▸ **TASK DESCRIPTION**:
Repeat exactly the line with "LCM23 Blue Snowflakes" and each line after it to the end of the data below; pictures stay out.

[Stored items from a collection]
——
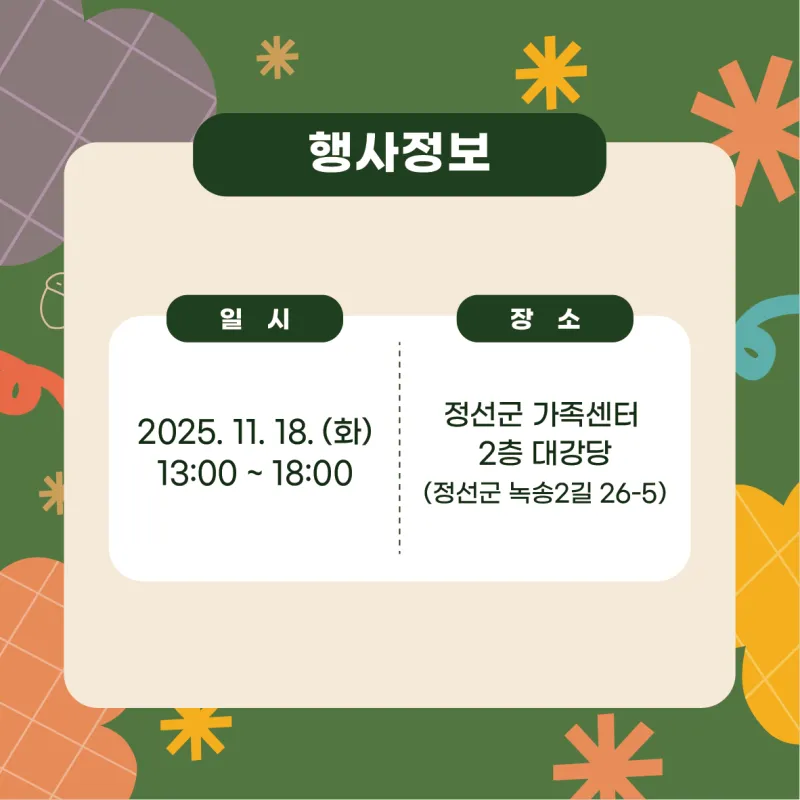📍 장소 : 정선군 가족센터 2층 대강당 (정선군 녹송2길 26-5)
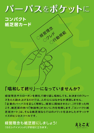 紙芝居は人のこころをつかむ、古くて新しい“ビジネスツール”。紙芝居を創り・演じるための「カミシバイメソッド」は経営理念の浸透に最適なツールです。クレドカードを読むだけではインプットしかできません。紙芝居を演じるように、人に話すというアウトプットをすることで理念を浸透できます。
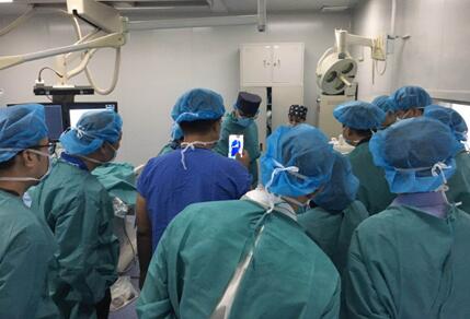 培訓(xùn)交流現(xiàn)場(chǎng),學(xué)員們進(jìn)入導(dǎo)管室現(xiàn)場(chǎng)觀摩和講解原發(fā)性肝癌和結(jié)直腸癌肝轉(zhuǎn)移的載藥微球介入手術(shù)。手術(shù)過程中,郭志教授針對(duì)性地分享了手術(shù)中的重點(diǎn)、難點(diǎn)、容易忽略的細(xì)節(jié)等。
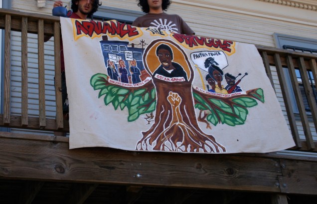 The banner may come in handy tomorrow evening, as the scheduled Radical Sangha will be meeting and then carpooling to San Quentin prison to join the protest of the first death-penalty execution in California in four years. Albert Greenwood Brown is scheduled to be killed by the state on Wednesday. The decision to resume executions (backed by Jerry Brown) was sudden, and has shocked a lot of folks who’ve been doing anti-death-penalty work for years. I only heard about it last Thursday, through folks in Oscar Grant organizing.
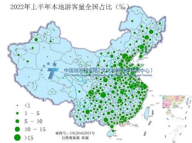 上半年总游客量空间上呈现“两点一线”的分布特征,“一线”是长江流域沿线,包括成都、重庆、武汉、上海等地总游客量占比高,“两点”是北京和广州。总游客量的分布特征由本地游客量和流入游客量共同形成,其中本地游客量以上海、郑州、北京之间的三角形区域分布最为集中,该地区人口密集,疫情管控使得本地化出游居多,而流入游客量以多个单点城市优势明显为特征。
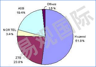 從1997年首次提出NGN概念后,經(jīng)過(guò)長(zhǎng)達(dá)數(shù)年的孕育和完善,全球于2004年進(jìn)入商用部署階段,目前NGN業(yè)務(wù)在全球各地都有廣泛和大規(guī)模的商用。而中國(guó)的運(yùn)營(yíng)商也經(jīng)歷了小規(guī)模試驗(yàn)和測(cè)試、大規(guī)模測(cè)試和試商用、大規(guī)模商用這幾個(gè)階段。圖:中國(guó)NGN市場(chǎng)各設(shè)備廠商市場(chǎng)份額
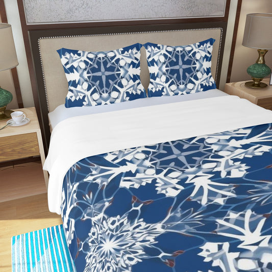 LCM23 Blue Snowflakes Three Piece Duvet Bedding Set
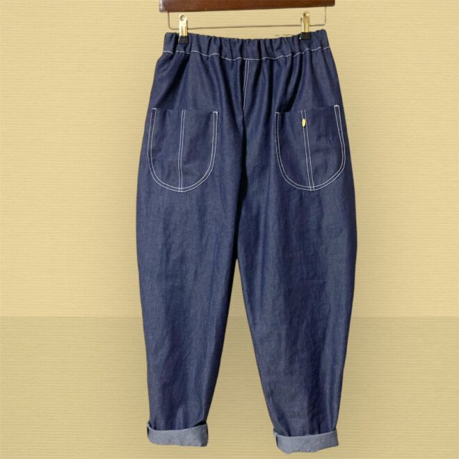 時々デニムを使ったアイテムを作りますが、今回はイベント用にパンツ2点とスカートを1点制作しました。
——
▸ **YOUR SOLUTION**:
 LCM23 Blue Snowflakes Three Piece Duvet Bedding Set
 時々デニムを使ったアイテムを作りますが、今回はイベント用にパンツ2点とスカートを1点制作しました。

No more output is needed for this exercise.